If the list has zero nodes (i.e. it’s empty) or one node, copy the list as-is and return it (it’s already sorted). Note that this algorithm works fine on empty lists.
Otherwise, create a copy of the first node of the list and "put it aside" for now.
Create two new lists from the rest of the original list:
- a list containing all values greater than or equal to the value of the first node;
- a list containing all values smaller than the value of the first node.
Remember, you have to make these lists yourself and they have to copy the values in the original nodes.
Sort these two new lists using a recursive call to the quicksort function.
Append everything together in order:
- The list of nodes with values smaller than the first node,
- the copy of the first node,
- and the list of nodes with values greater than or equal to the first node.
Use the append_lists function defined in linked_list.c to do the appending.

Memory management

Remember, when you use malloc or calloc to allocate memory, that memory must be explicitly freed (using the free function) before the end of the program or you have a memory leak. It can be tricky avoiding memory leaks, but here is a specific suggestion: don’t ever do this:

node *list;
/* ... some code which assigns values to 'list' ... */
/* Sort the list and set the list pointer to point to the sorted list. */
list = sort_list(list);

In this case, sort_list() returns a new (sorted) list, and the list pointer list is set to the head of that list. This is a memory leak, because the old list that list pointed to was never freed. The right way to do this is as follows:

node *list;
node *sorted_list;
/* ... some code which assigns values to 'list' ... */
/* Sort the list and set the list pointer to point to the sorted list. */
sorted_list = sort_list(list);
free_list(list);
list = sorted_list;

The result is the same, but there’s no memory leak.

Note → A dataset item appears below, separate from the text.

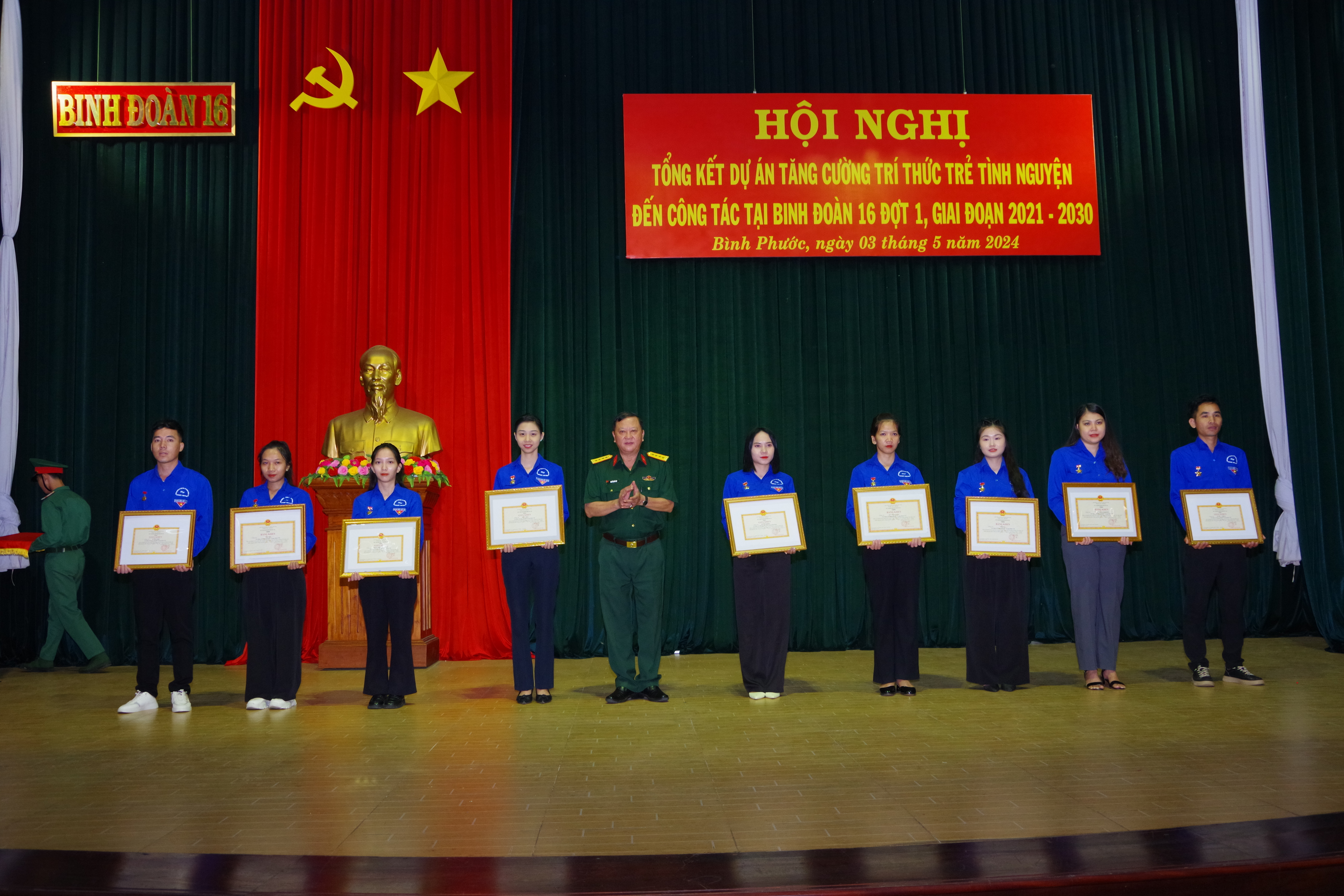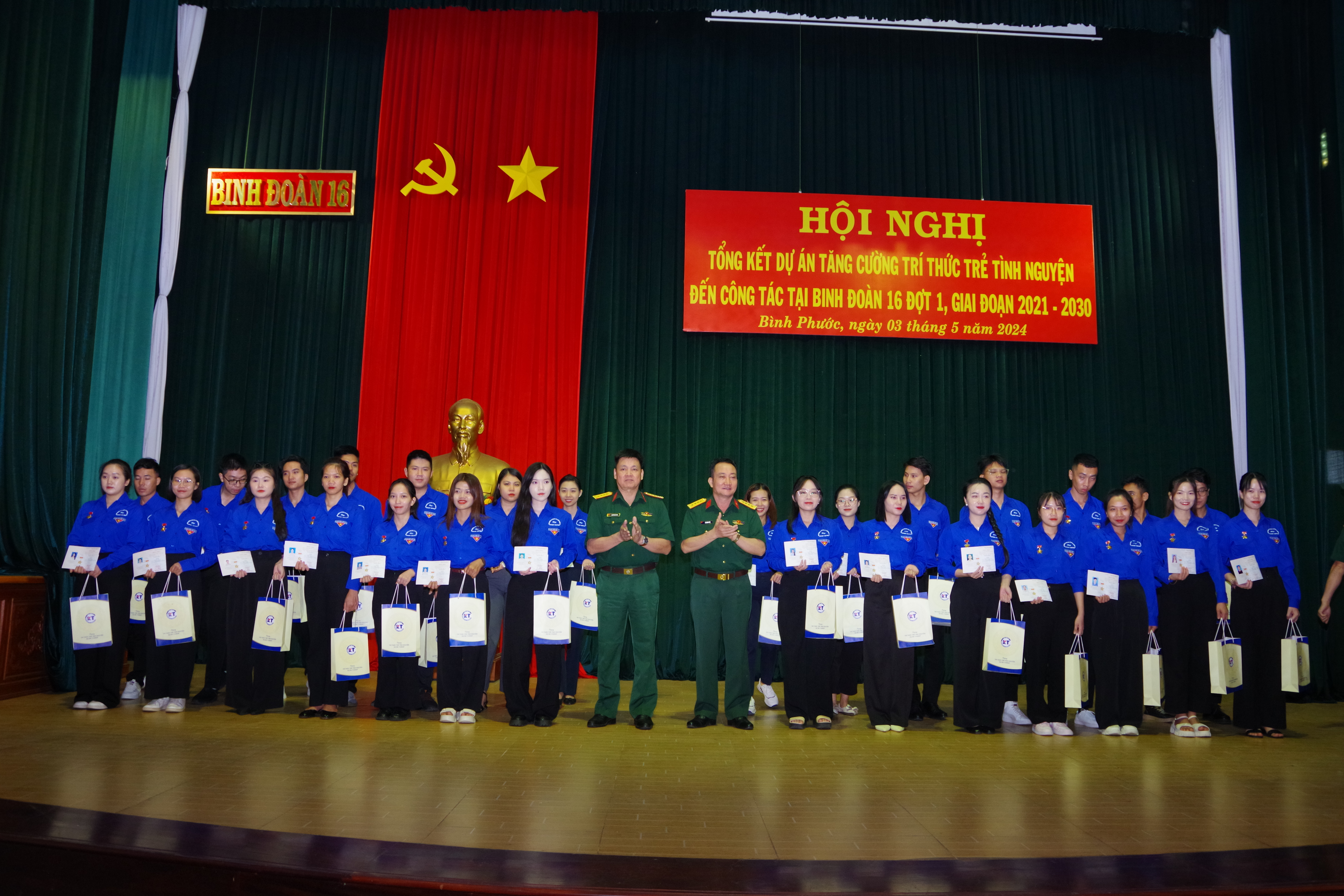 Dịp này, Tư lệnh Binh đoàn 16 tặng Bằng khen cho 9 cá nhân đạt thành tích xuất sắc nhiệm vụ đợt 1 năm 2022-2024. Đồng thời, cấp giấy chứng nhận, huy hiệu và tặng quà cho TTTTN hoàn thành dự án “Tăng cường trí thức trẻ tình nguyện đến công tác tại Binh đoàn 16 đợt 1 giai đoạn 2021-2030.

Use the same memory leak checker you used last assignment to make sure that you haven’t inadvertently leaked any memory. Recall that you do this by putting these lines at the top of the file quicksorter.c:

#include <stdlib.h>
#include "memcheck.h"

and then putting this line in the main function before exiting:

print_memory_leaks();

In addition, if you can’t track down a memory leak you might try changing the following line in memcheck.c from

#define DEBUG 0

#define DEBUG 1

and recompiling. This will give more verbose output relating to memory allocation.

Code supplied

There are a number of useful utility functions supplied in linked_list.c and declared in linked_list.h. Please use these instead of writing your own versions; it will save you a lot of time. You will need to write #include "linked_list.h" in your code in order for this to work.

Testing your program

We’re supplying you with a test script similar to the test script for assignment 3 (though not as rigorous). Also test your program on some numbers you generate by hand. If you need to use a debugger, read the gdb page to learn how to use gdb (the debugger for gcc).

Supporting files

The Makefile.

Once again, be sure that all the command lines in the Makefile start with tabs, or they will not work.
The test script.
Before running it, do
$ chmod +x run_test
to make the test script executable. Make sure your program passes the test script before you hand it in.
linked_list.c and linked_list.h.
The memory leak checker: memcheck.c and memcheck.h.

To hand in

The quicksorter.c program.

References

Darnell and Margolis, chapter 9.
K&R, chapters 1 and 5.
Any algorithms textbook e.g. Sedgewick, Algorithms in C.